Postmodern politicians are seeking a mandate to ram through short-sighted policies that propose further cuts to public spending. To do this, they claim that we “must listen to the working class’s fears” and limit immigration numbers. Yet when it comes to demands for more council housing, proper wages, equal access to education and healthcare, a decent standard of living, the working classes are completely ignored. Instead, the politicians play to xenophobic class fractions that buy into the narrative that foreigners are taking jobs and being advanced up council house waiting lists over long-term residents. Only a month ago, Labour right-winger, Rachel Reeves attempted to exploit these fears by channelling Powellite rhetoric. No doubt this middle class woman would claim a ‘mandate’ from the working class too.

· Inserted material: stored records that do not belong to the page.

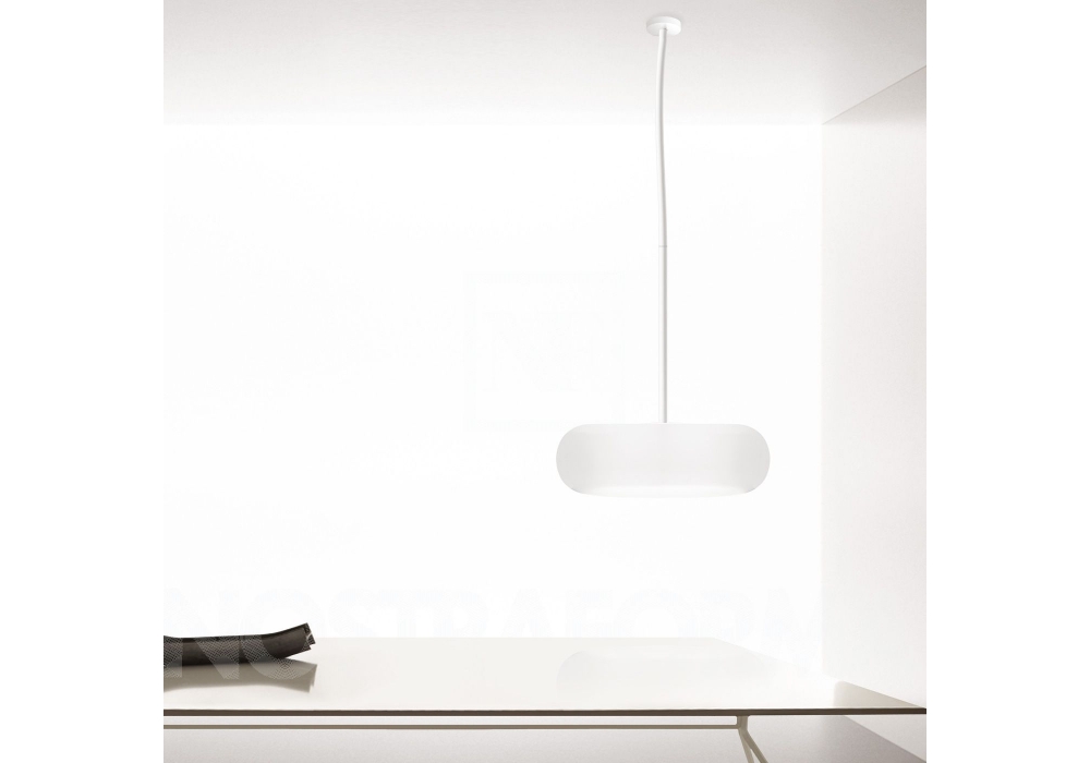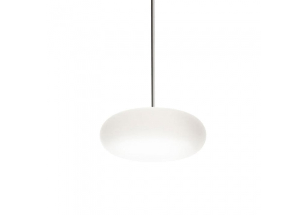 Itka designed by Naoto Fukasawa for Artemide is a pendant lamp with supporting structure in painted steel. The diffuser is made of mouth-blown opal glass and shields an LED light source. Itka is available in sizes.
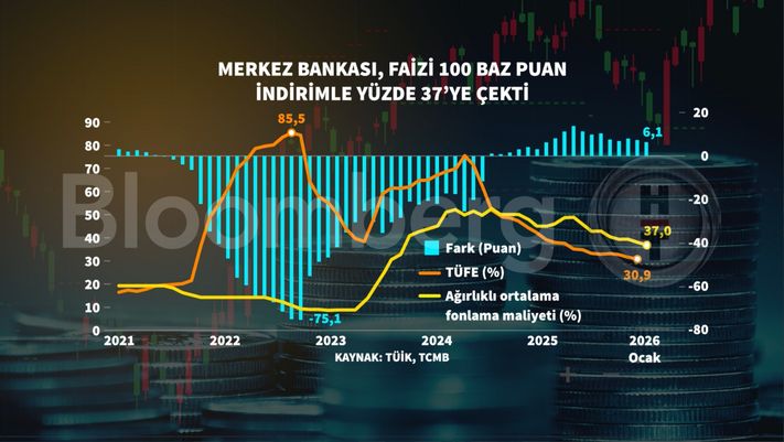 Türkiye Cumhuriyet Merkez Bankası politika faizini 100 baz puan indirimle yüzde 37'ye çekti.
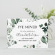 Eucalyptus Greenery Wreath Modern and Elegant Floral Watercolor Primavera I Moved New Home ou New Address Cards - inclui uma bela e elegante tipografia de script com um verde botânico moderno para a celebração especial New Home ou New Address.
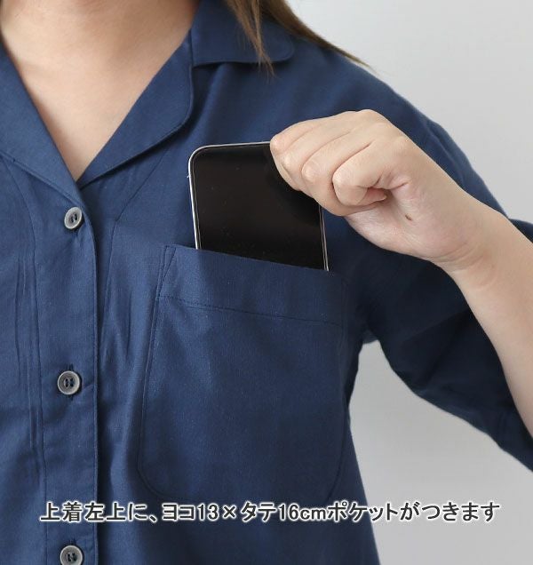 清涼感のあるシボ加工が夏にぴったりな近江ちぢみ麻のレディース開襟パジャマ上着単品ページです!抜け感のあるオープンカラーのパジャマは、体格のいい方にもすっきり着ていただけます。たくさん汗をかく夏の替えトップスにおすすめです♪
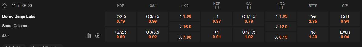 Đáng chú ý, Santa Coloma vốn thường xuyên dừng bước rất sớm ở các vòng loại cúp châu Âu. Khi phải đối đầu với những đội bóng đến từ các nền bóng đá trung bình khá như Bosnia, đại diện Andorra gần như không có cửa tạo bất ngờ. Với sự vượt trội về lực lượng, phong độ và đặc biệt là lợi thế sân bãi, Borac hoàn toàn có thể giành chiến thắng cách biệt và vượt kèo châu Á, dù mức chấp có thể lên đến -2.0.
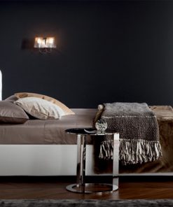 Двуспальная кровать с обитым основанием и обитым в технике капитоне изголовьем. Металлические ножки. Возможен вариант кровати с внутренним контейнером. Возможны другие варианты обивки, в том числе в ткани клиента и декор кристаллами Swarovski.
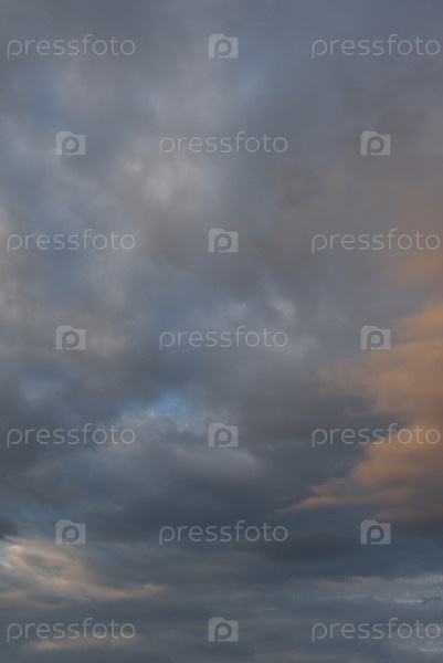 Россия. Юг Западной Сибири. Панорама вечернего летнего неба с разноцветными облаками над полями

Labour politicians like Reeves, Streeting and Woodcock and their friends in the media subscribe to the bourgeois view that the working class en masse are illiterate and ignorant. Yet, there is a long history of an educated working class, who placed great emphasis on reading and study. My own family, for instance, is part of this working class fraction. My grandfather, who worked as a boy miner and joined the army as a young man, was a self-educated historian. My mother was an amateur Egyptologist, while my father was a mostly self-taught linguist. I was the first in my family to go to university. Yet, the very institutions of working class education that my family and those like us took for granted: the public libraries, trades unions and mechanics institutes have been systematically eroded or destroyed. Libraries were actually closed under the Tory-Lib Dem coalition. One Tory even claimed (and I paraphrase) that “if you can’t afford to buy books, then why should we provide them for free in public libraries”? The unstated aim of this philistinism is to keep working class people in the perpetual darkness of ignorance and superstition. If people are denied access to knowledge and learning, it makes them easier to manipulate. Hack politicians know this only too well.
For all the talk of a universally ignorant working class, there is no mention of middle class ignorants. The middle class and the aristocracy contains just as many xenophobic, reactionary and anti-intellectual elements as the working class, but no one dares to ascribe these characteristics to those classes as a whole. It’s past time that the generalisations made of the working class were challenged.
Reference
Kift, D. (1996). The Victorian Music Hall: Culture, Class, and Conflict. Cambridge University Press.